Przyjęcie euro zrujnowało gospodarki państw południowej Europy, pogrążając je w kryzysie, z którego nie potrafią wybrnąć do dziś. Mimo to, cały legion polityków i publicystów w Polsce namawia nas na rezygnację z suwerenności monetarnej i przyjęcie wspólnej waluty.

Opiniotwórczy niemiecki dziennik „Frankfurter Allgemeine Zeitung”, powołując się na notatkę z poufnej narady w Brukseli, poinformował, że w Komisji Europejskiej dojrzewa plan zobowiązania wszystkich państw członkowskich UE do przyjęcia wspólnej waluty najpóźniej w 2025 roku.Plan miał być omawiany na spotkaniu komisarza ds. stabilności i służb finansowych, Łotysza Valdisa Dombrovskisa i komisarza ds. ekonomicznych i finansowych, podatków i ceł Pierre’a Moscoviciego z grupą deputowanych Parlamentu Europejskiego. Komisarze przedstawili deputowanym „dokument refleksyjny”, przygotowany w zaciszu gabinetów Komisji. Jak twierdzi FAZ, nie chodzi przy tym o proste, mechaniczne rozszerzenie strefy euro. Narzucenie wspólnej waluty miało by być elementem likwidacji niezależności wszystkich państw narodowych w kwestiach finansowych, gospodarczych a nawet socjalnych. Plan Komisji zakłada bowiem stworzenie nowego wspólnego budżetu strefy euro, „nowych źródeł finansowania” tego budżetu, co sugeruje jego ekspansję i narzucenie specjalnych danin na jego rzecz. W dodatku ministrowie finansów państw członkowskich mieliby odpowiadać już nie tylko przed własnymi parlamentami narodowymi, ale też przed Parlamentem Europejskim, który zyskałby wobec nich uprawnienia kontrolne.

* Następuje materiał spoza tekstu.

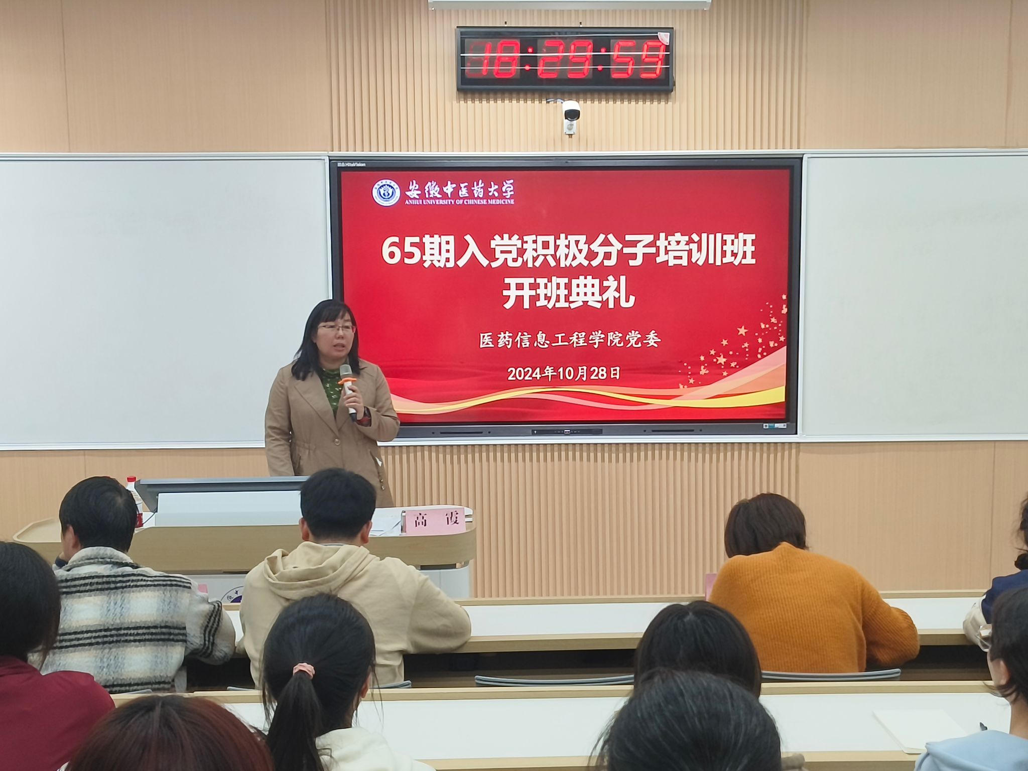 10月28日,安徽中医药大学医药信息工程学院第65期入党积极分子培训班顺利开班,学院党委书记高霞,组织员(正处级)吴成海,党委副书记、纪委书记李亚,学生党支部书记,以及本期115名学员参加本次开班典礼,典礼...

Eurokraci przejęliby władzę nawet w dziedzinie polityki społecznej, na poufnym posiedzeniu była bowiem mowa nawet o wypłacaniu zasiłków przez Unię.

Niemiecki dziennik twierdził, że w czasie spotkania, w trakcie którego knuto nad poważnym ograniczeniem niezależności państw narodowych, bo o suwerenności trudno przecież już mówić, zakazano tworzenia notatek. Eurokraci żądni przejmowania kontroli nad kolejnymi dziedzinami życia społeczeństw kontynentu, sami wzdragają się przed kontrolą opinii publicznej nad swoimi poczynania. Całe szczęście jeden z uczestników się wyłamał, a jego zapiski trafiły do redakcji FAZ. Dzięki temu mogliśmy się dowiedzieć jak zaawansowane są plany federalizacji Europy.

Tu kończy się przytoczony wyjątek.